* Problem details: Please keep the pictures out and write out exactly the lines from the first in the data below through the one containing "安徽省六安市独山中学2025", both included.

* Data segment:

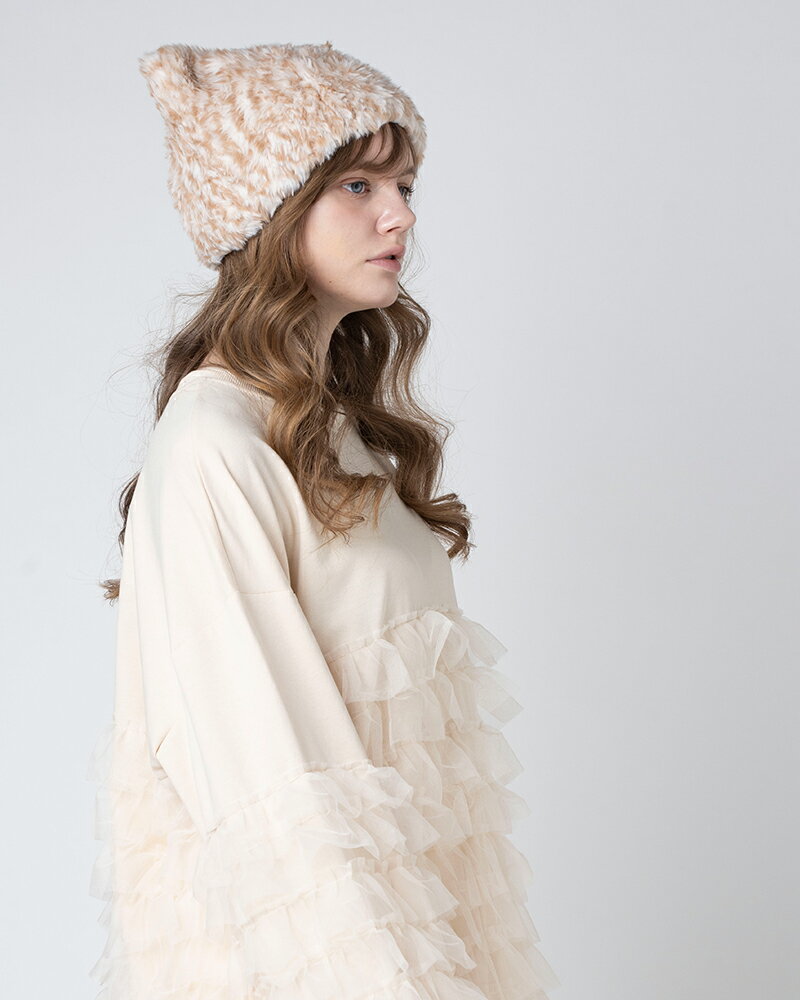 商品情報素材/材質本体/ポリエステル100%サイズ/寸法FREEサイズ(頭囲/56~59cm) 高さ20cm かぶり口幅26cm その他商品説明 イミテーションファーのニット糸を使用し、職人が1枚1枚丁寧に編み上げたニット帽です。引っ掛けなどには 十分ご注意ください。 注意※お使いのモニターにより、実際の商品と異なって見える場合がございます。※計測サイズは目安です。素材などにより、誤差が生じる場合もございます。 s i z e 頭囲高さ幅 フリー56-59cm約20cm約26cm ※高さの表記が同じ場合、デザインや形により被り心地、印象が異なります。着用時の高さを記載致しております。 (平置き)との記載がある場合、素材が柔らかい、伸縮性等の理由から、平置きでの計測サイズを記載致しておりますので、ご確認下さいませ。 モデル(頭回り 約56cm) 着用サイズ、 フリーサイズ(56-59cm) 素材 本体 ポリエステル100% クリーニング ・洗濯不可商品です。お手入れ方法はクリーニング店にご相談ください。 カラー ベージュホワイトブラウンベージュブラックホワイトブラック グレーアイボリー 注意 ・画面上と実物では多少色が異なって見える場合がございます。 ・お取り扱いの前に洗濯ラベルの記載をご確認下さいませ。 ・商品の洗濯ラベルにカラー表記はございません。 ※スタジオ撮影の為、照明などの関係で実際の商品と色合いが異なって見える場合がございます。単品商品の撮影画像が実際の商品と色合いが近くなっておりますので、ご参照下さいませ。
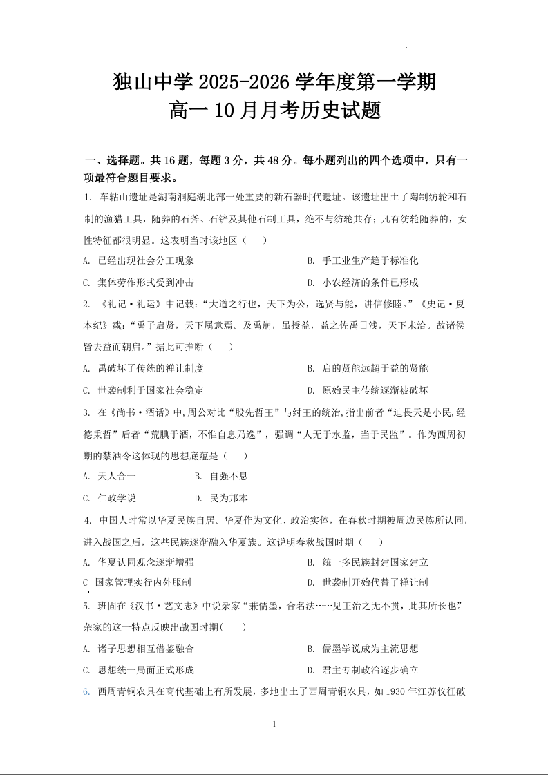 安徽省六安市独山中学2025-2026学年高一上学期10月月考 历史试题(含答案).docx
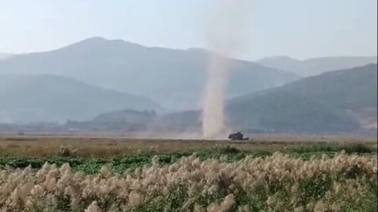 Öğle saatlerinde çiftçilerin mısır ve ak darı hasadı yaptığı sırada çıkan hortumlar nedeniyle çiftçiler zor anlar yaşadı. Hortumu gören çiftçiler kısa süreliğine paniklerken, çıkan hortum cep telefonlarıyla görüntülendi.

* Completed task:
 商品情報素材/材質本体/ポリエステル100%サイズ/寸法FREEサイズ(頭囲/56~59cm) 高さ20cm かぶり口幅26cm その他商品説明 イミテーションファーのニット糸を使用し、職人が1枚1枚丁寧に編み上げたニット帽です。引っ掛けなどには 十分ご注意ください。 注意※お使いのモニターにより、実際の商品と異なって見える場合がございます。※計測サイズは目安です。素材などにより、誤差が生じる場合もございます。 s i z e 頭囲高さ幅 フリー56-59cm約20cm約26cm ※高さの表記が同じ場合、デザインや形により被り心地、印象が異なります。着用時の高さを記載致しております。 (平置き)との記載がある場合、素材が柔らかい、伸縮性等の理由から、平置きでの計測サイズを記載致しておりますので、ご確認下さいませ。 モデル(頭回り 約56cm) 着用サイズ、 フリーサイズ(56-59cm) 素材 本体 ポリエステル100% クリーニング ・洗濯不可商品です。お手入れ方法はクリーニング店にご相談ください。 カラー ベージュホワイトブラウンベージュブラックホワイトブラック グレーアイボリー 注意 ・画面上と実物では多少色が異なって見える場合がございます。 ・お取り扱いの前に洗濯ラベルの記載をご確認下さいませ。 ・商品の洗濯ラベルにカラー表記はございません。 ※スタジオ撮影の為、照明などの関係で実際の商品と色合いが異なって見える場合がございます。単品商品の撮影画像が実際の商品と色合いが近くなっておりますので、ご参照下さいませ。
 安徽省六安市独山中学2025-2026学年高一上学期10月月考 历史试题(含答案).docx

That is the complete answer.